As the 46th Sydney Gay and Lesbian Mardi Gras ended its two week long celebrations with the annual massive Mardi Gras parade on Oxford Street this past weekend, this year’s celebration marred by the murder of a gay couple that jarred the country’s entire LGBTQ community, the parade came to a halt on Saturday in a powerful act of remembrance for the couple, Jesse Baird and Luke Davies.

In its annual float, Qantas Airways paid tribute to Davies who worked for the carrier as a flight attendant. A Qantas spokesperson confirmed that Davies’ name was added prominently on the side of the Qantas float, and Executive Manager Crew Leeanne Langridge in a statement said that Davies “was a much-loved member of the Qantas cabin crew community in Brisbane and Sydney.

“He had a passion for travel, life, his family and friends and the customers that he served. He will be deeply missed. The whole team at Qantas are thinking of Luke and Jesse’s loved ones,” Lanridge said.

The Star Observer, the country’s largest queer news media outlet, reported that a New South Wales police officer, Beaumont Lamarre-Condon, who reportedly once dated Baird, a Network 10 reporter and a sports official who umpired in AFL matches in the Northern Football and Netball League, has been charged with their murders.

Jesse Baird, left, and Luke Davies, right (Photo courtesy of Baird’s Instagram page and New South Wales police)

Lamarre-Condon is accused of shooting them dead with his police-issued sidearm at Baird’s home in Paddington, Sydney. The couple’s remains were found at a property at Bungonia, near Goulburn, around 115 miles south of Sydney on Feb. 27, 2024. 

The murder of the couple caused the Sydney Gay and Lesbian Mardi Gras organizers to uninvite police from the iconic Mardi Gras parade the BBC reported

The parade’s board said the decision to exclude police, who have taken part in the annual march for over two decades, was “not taken lightly” but that it was essential to create a safe environment “to protest, celebrate” and “honor and grieve those we’ve lost.”

Sydney’s Mardi Gras parade has a complex history of both LGBTQ activism and police brutality, after the first march in 1978 resulted in dozens of people being beaten and arrested by local officers, the BBC noted.

CHINA

Lai Ke, also known as Xiran, (Photo courtesy of Xiran/WeChat)

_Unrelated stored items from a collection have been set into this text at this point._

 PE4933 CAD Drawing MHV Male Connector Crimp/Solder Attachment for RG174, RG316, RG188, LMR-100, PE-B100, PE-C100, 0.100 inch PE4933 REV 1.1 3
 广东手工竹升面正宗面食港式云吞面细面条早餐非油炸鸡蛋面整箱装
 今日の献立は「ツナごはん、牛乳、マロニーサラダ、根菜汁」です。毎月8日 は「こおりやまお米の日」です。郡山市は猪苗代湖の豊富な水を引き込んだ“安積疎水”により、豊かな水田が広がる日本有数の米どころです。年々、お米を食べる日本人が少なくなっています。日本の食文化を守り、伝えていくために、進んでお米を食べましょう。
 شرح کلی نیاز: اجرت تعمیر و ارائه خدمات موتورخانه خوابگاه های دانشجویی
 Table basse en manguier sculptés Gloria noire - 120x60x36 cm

A Chinese transgender activist is facing deportation back to mainland China as she is scheduled for release on Sunday from Siu Lam Psychiatric Center, a psychiatric detention institution where Hong Kong authorities usually hold trans detainees.

Lai Ke, also known as Xiran, was convicted of using “forged” documents to attempt to travel from China to Toronto via Hong Kong last year. Lai was detained at Hong Kong International Airport on May 3, 2023, while transferring to a flight to Toronto having begun her journey in Shanghai.

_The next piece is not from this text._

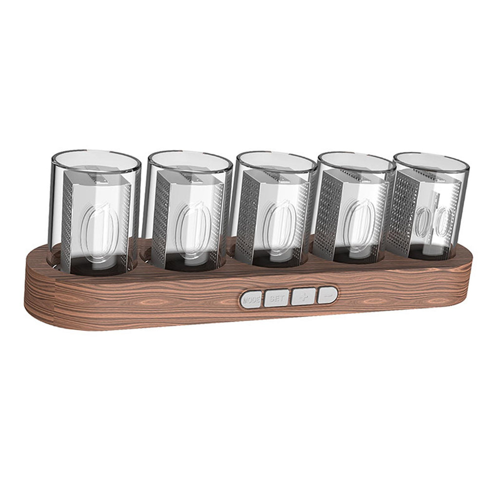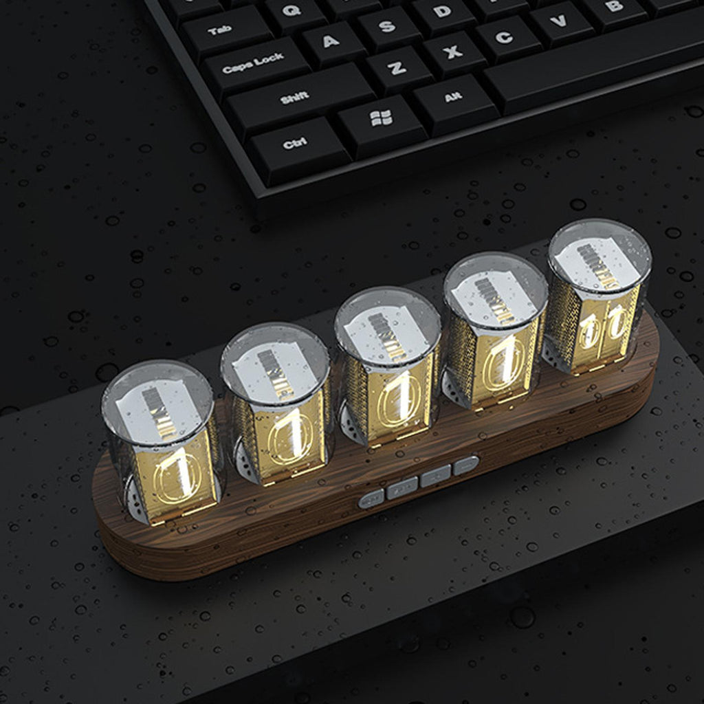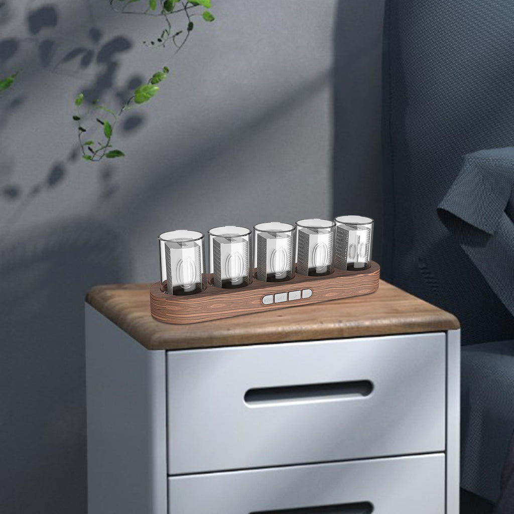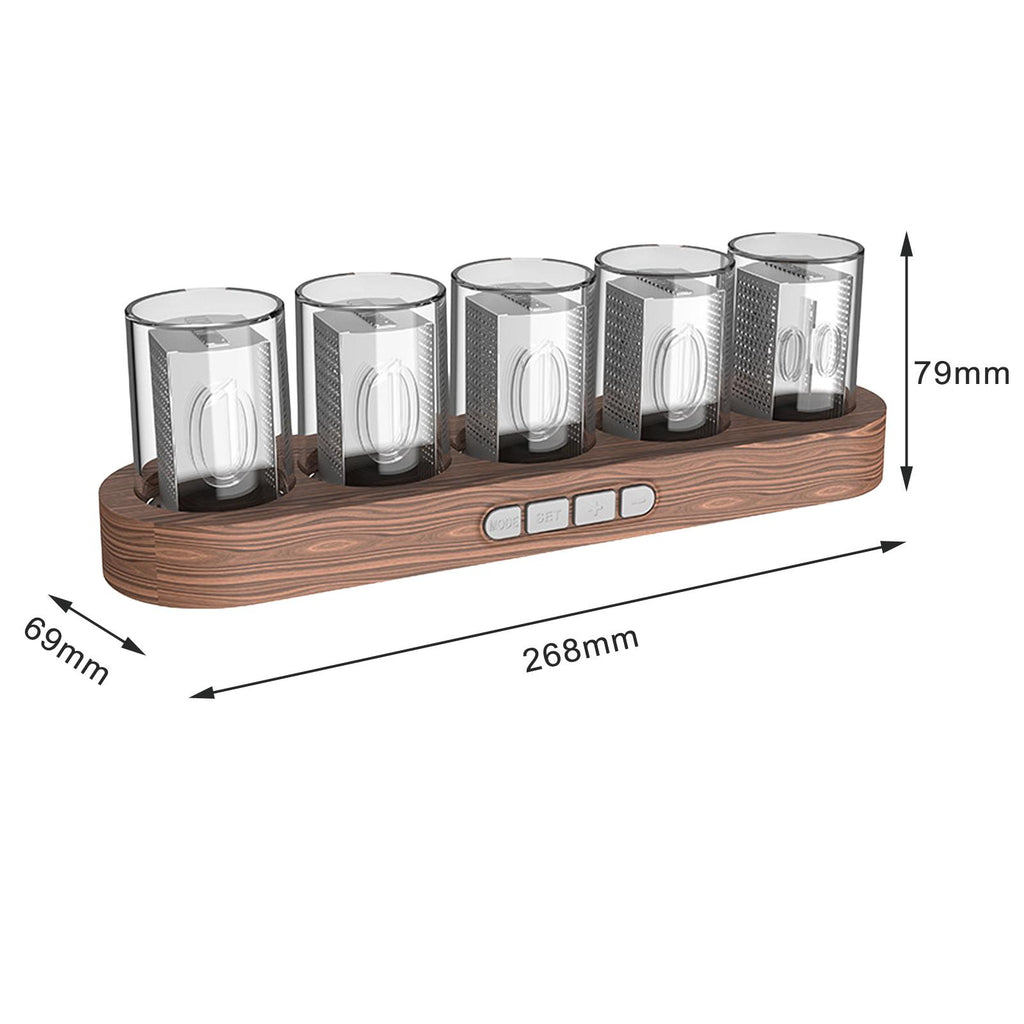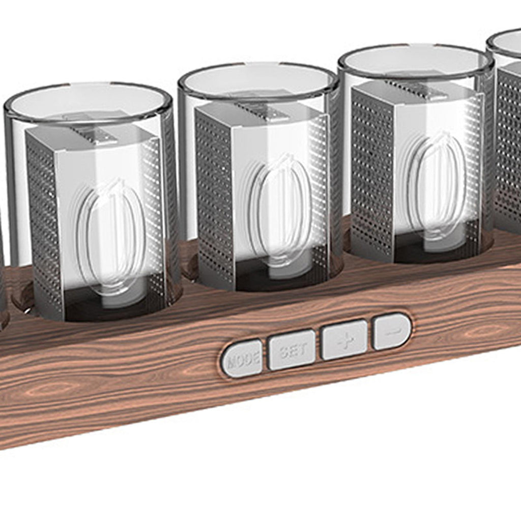 Nixie Tube Clock LED Desktop Clock Alarm Clock Adjustable Bedroom Decor Wood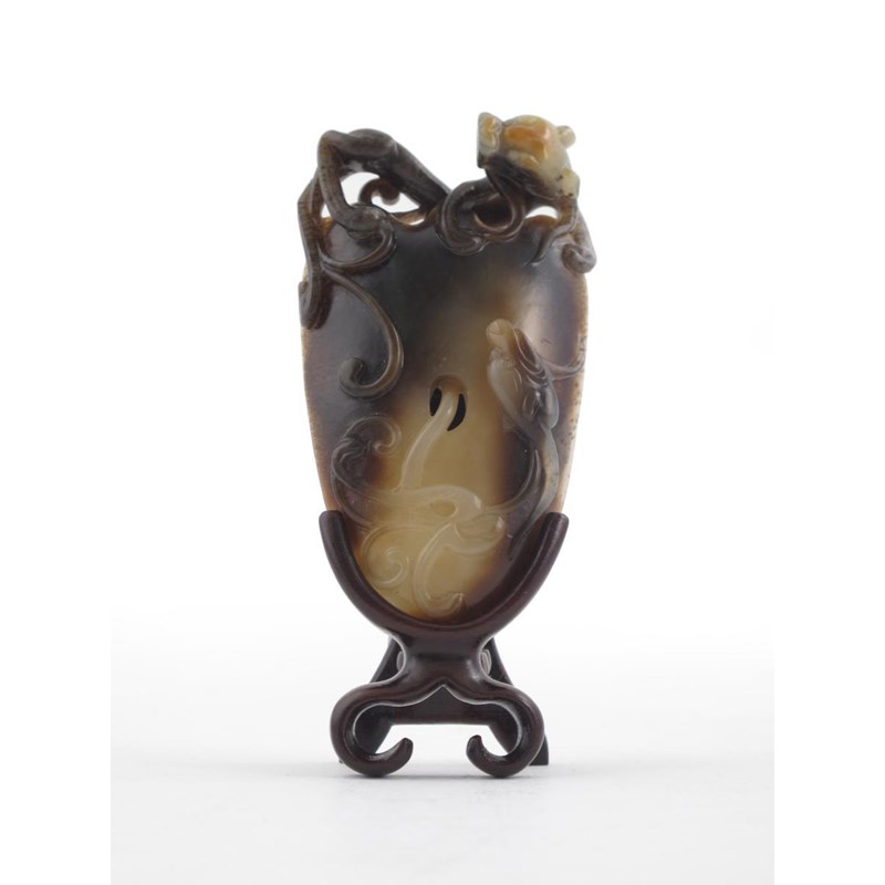 A Chinese jade leaf-shaped tray probably 19th century, carved with two sinuous dragons, the stone in tones of brown and honey, with a hardwood stand, 8.4cm. (2)

Lai was convicted in a Hong Kong court on June 16, 2023, and sentenced to 15 months in prison, which she served at the Siu Lam Psychiatric Center. A release notice from the Siu Lam Psychiatric Center seen by Amnesty International states that Lai is due to be released early for good behavior on March 2. As Lai is not a resident of Hong Kong, she is subject to being deported to mainland China under Section 19 of the Hong Kong Immigration Ordinance. 

“Time is of the essence to prevent Lai Ke from being unlawfully deported to mainland China, where she would be at grave risk of serious human rights violations — including arbitrary detention, unfair trial, and even torture and other ill-treatment — due to both her transgender identity and her activism,” Sarah Brooks, the deputy regional director for Asia for Amnesty International said.  

“To return her given these risks would be an abandonment of Hong Kong’s obligations under international law.” 

Lai had been a vocal advocate for trans rights in China alongside her partner. According to her friends, her partner was imprisoned in China in June 2023 on account of her own activism and her trans identity. 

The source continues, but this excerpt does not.